Donald Trump is exiting the White House and heading into his limo…
…when someone pulls out a gun and aims it at him. A newbie secret service agent, spotting it first yells:"MICKEY MOUSE!". The would be assassin stops in confusion, giving the other agents time to pin down and arrest him. When the press reports were over, the newbies supervisor asks him:"Im confused, why did you shout Mickey Mouse?" "I freaked out" he answers."I meant to shout DONALD DUCK!"
A slice of pie is $2.50 in Jamaica and $3.00 in the Bahamas
These are the pie rates of the Caribbean.

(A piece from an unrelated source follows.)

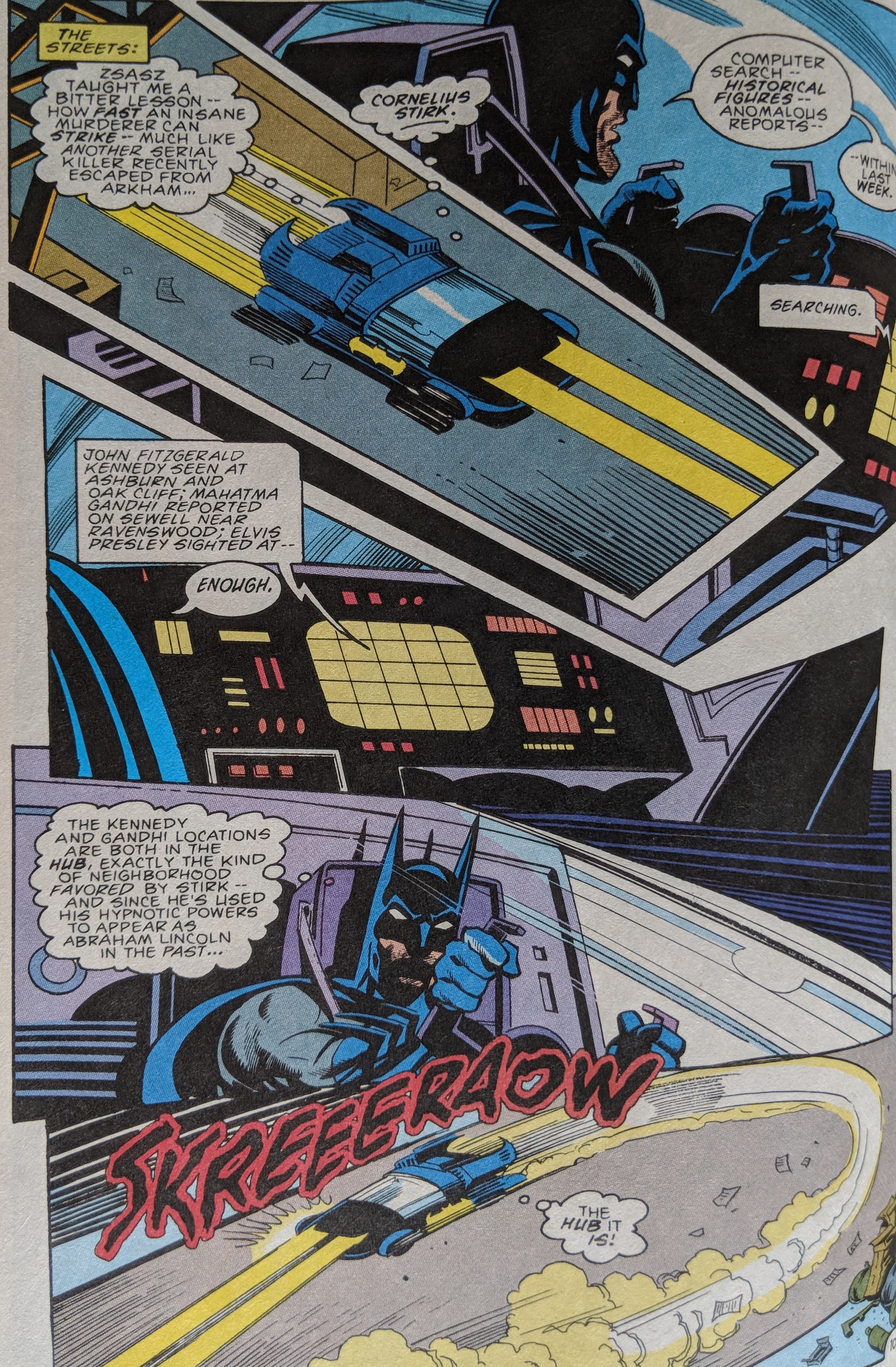 Batman speeds through the streets of Gotham looking for Cornelius Stirk. Bats didn't need another serial killer on the loose.

What are bald sailors most worried about?
Cap sizes!
Spelling An L
Is down-right easy
An 18 year old girl tells her mom that she has missed her period for two months
Very worried, the mother goes to the drugstore and buys a pregnancy kit. The test result shows that the girl is pregnant. Shouting, cursing, crying, the mother says, "Who was the pig that did this to you? I want to know!" The girl picks up the phone and makes a call. Half an hour later, a Ferrari stops in front of their house. A mature and distinguished man with gray hair and impeccably dressed in an Armani suit steps out of the of the Ferrari and enters the house. He sits in the living room with the father, mother, and the girl and tells them: "Good morning, your daughter has informed me of the problem. I can't marry her because of my personal family situation but I'll take charge." "I will pay all costs and provide for your daughter for the rest of her life." "Additionally, if a girl is born, I will bequeath a Ferrari, a beach house, two retail stores, a townhouse, a beachfront villa, and a $2,000,000 bank account. If a boy is born, my legacy will be a couple of factories and a $4,000,000 bank account. If twins, they will receive a factory and $2,000,000 each. However, if there is a miscarriage, what do you suggest I do?" At this point, the father, who had remained silent, places a hand firmly on the man's shoulder and tells him, "You fuck her again."